Xinghe robó ropa, engañó al personal y salió del ala cerrada. Bajó por la ventana con una cuerda improvisada. El veneno ya hacía efecto y las piernas apenas la sostenían. Llegó sola hasta la comisaría más cercana y solo perdió el conocimiento al cruzar la puerta. Por lo visto, hasta el organismo de Xinghe entendía la diferencia entre «se puede» y «conviene».

Poco después llegaron a la comisaría Mubai y su primo Xi Munan. Todo ese tiempo Mubai había peinado la ciudad, pero Xinghe había tenido que salir del cautiverio por sí misma. Ahora él solo podía llevarla con Lu Qi y empezar a buscar a los que la habían torturado. El veneno había dañado seriamente el cuerpo de Xia Meng, pero los recuerdos de Xinghe se conservaban. Así que todavía quedaba una posibilidad de devolverlos a su propio cerebro.

El equipo militar de los secuestradores y la vieja rivalidad entre familias llevaron a Mubai hasta la pista de los Feng. El principal sospechoso pasó a ser Feng Saohuang, heredero de esa familia. Aún no había pruebas directas contra él, pero el ataque exigía acceso a recursos militares y a gente con entrenamiento de combate. Si Saohuang realmente iba detrás de la caja, su interés iba mucho más allá de la enemistad con la familia Xi.

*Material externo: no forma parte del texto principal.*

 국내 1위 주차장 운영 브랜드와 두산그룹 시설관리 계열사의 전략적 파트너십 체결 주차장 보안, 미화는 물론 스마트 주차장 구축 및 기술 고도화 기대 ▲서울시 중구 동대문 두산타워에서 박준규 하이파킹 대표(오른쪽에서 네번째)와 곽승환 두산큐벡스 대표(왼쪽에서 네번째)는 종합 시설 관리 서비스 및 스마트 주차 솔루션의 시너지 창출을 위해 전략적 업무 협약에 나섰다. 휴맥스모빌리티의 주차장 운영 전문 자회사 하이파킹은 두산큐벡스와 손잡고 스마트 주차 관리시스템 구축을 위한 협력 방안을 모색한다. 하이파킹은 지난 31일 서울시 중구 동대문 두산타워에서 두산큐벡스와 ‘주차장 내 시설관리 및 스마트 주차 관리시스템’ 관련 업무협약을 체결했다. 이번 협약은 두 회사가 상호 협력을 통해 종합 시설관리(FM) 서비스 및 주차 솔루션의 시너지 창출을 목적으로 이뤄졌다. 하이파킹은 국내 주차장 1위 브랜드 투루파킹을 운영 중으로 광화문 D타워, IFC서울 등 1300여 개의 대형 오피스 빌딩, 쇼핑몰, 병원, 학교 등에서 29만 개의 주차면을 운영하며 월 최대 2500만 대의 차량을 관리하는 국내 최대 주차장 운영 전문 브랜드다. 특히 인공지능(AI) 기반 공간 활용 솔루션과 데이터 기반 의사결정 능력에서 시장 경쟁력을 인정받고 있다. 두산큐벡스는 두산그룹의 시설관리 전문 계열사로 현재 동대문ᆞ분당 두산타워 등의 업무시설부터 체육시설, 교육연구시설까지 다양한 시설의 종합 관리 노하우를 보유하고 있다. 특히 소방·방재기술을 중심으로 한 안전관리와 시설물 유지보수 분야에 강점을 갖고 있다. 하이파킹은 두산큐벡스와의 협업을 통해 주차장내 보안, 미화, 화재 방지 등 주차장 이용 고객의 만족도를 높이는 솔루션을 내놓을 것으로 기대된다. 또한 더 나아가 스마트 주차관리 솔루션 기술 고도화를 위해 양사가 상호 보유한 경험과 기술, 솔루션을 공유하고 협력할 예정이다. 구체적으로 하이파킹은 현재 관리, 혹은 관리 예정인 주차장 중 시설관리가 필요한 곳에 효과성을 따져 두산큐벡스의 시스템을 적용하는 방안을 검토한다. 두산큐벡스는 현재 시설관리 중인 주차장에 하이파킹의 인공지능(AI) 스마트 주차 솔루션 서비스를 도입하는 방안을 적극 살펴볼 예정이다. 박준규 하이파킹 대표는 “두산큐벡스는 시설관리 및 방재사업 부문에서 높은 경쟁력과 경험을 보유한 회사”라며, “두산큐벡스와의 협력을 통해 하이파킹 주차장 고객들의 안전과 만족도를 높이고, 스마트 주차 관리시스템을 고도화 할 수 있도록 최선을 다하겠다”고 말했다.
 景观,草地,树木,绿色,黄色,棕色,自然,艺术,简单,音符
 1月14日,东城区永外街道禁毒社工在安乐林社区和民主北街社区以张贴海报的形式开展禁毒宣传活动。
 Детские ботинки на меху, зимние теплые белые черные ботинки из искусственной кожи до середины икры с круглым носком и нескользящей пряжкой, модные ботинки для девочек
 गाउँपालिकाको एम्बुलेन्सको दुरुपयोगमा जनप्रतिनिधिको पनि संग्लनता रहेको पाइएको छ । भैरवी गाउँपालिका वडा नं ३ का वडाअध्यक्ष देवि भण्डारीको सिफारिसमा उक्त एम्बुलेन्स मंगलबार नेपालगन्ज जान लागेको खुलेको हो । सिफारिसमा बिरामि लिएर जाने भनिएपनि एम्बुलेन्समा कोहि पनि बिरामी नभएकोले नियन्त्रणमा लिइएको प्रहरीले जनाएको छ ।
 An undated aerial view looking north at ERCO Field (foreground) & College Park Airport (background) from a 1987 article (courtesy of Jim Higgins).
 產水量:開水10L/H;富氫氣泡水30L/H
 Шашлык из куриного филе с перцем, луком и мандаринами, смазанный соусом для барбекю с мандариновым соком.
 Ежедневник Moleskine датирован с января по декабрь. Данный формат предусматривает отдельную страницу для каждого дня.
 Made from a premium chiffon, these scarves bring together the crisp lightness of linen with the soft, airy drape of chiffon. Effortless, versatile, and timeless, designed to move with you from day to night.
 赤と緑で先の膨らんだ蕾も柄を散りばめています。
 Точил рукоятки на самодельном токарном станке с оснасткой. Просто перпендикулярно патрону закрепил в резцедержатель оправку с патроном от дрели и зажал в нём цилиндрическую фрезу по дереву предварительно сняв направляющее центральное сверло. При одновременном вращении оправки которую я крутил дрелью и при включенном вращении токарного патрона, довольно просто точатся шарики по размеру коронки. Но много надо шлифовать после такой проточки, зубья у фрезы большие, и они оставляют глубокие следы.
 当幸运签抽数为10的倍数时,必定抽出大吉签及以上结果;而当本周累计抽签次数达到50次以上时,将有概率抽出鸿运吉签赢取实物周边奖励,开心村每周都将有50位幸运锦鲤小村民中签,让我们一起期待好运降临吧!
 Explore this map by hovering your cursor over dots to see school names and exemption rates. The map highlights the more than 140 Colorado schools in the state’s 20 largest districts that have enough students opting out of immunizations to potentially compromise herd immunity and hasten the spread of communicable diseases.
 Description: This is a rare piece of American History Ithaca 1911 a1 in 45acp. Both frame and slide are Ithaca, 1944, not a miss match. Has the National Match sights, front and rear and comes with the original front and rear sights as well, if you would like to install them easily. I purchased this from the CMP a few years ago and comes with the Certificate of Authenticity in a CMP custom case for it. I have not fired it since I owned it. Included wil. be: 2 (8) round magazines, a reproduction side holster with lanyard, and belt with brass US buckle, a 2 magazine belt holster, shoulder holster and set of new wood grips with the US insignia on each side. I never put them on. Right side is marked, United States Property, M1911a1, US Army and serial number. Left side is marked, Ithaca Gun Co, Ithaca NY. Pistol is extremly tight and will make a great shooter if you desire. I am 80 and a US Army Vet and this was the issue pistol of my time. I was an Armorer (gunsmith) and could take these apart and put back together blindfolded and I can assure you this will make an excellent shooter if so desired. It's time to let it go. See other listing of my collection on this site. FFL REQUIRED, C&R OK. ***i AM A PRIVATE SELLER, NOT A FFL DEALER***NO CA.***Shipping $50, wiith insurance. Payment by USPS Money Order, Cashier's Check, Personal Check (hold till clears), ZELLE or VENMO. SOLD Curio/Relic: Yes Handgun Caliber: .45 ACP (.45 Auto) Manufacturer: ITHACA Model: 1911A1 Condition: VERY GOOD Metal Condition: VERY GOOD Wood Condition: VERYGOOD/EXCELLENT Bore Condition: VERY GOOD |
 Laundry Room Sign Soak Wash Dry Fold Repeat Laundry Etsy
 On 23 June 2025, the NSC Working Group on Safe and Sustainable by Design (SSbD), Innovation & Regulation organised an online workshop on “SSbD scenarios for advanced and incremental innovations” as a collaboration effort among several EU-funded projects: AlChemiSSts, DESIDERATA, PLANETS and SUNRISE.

Ni siquiera en el hospital dejaron a Xinghe en paz. Un sicario entró en la habitación e intentó matarla antes de que identificara al secuestrador. Xinghe recuperó el conocimiento a tiempo y frustró el ataque, pero lo ocurrido dejó claro que ya no podían esperar más. Mientras su memoria siguiera en el cuerpo envenenado de Xia Meng, al enemigo le bastaba con un solo intento acertado para matar a Xinghe y dejar a Xia Meng sin posibilidad de recuperar su propia vida.

Lu Qi terminó de preparar nuevas células de memoria. Ahora tenía que extraer los recuerdos ajenos y devolver a cada mujer los suyos sin dañar lo que ya estaba en el cerebro. Mubai mantenía vigilados al médico y las dos habitaciones. Xinghe no confiaba en él, pero no había otro especialista. Primero Lu Qi tenía que corregir las consecuencias de su experimento; del perdón solo se podría hablar después.

Xia Meng tenía miedo de volver. En el cuerpo de Xinghe había recibido por primera vez respeto, protección y la cercanía de Mubai, y después de la transferencia tendría que volver a ser la esposa de un hombre que la había atormentado durante años. Ese miedo era comprensible, pero no le daba derecho a quitarle a Xinghe su nombre, su cuerpo y su hijo. Xinghe no le prometió una vida ajena. Le prometió otra cosa: que después del procedimiento Xia Meng no volvería a quedar bajo el poder de la familia Ye y podría empezar de nuevo.

La transferencia inversa comenzó de inmediato. Lu Qi introdujo las células preparadas, los médicos vigilaron el estado de las dos mujeres y Mubai esperó tras la puerta del quirófano. Xinghe alcanzó a pensar en Lin y en la cara del hombre que la había torturado antes de que la consciencia se apagara. El procedimiento terminó, la memoria regresó a su propio cerebro, pero Xinghe no despertó ni aquel día ni al siguiente. El coma se prolongó durante todo un mes.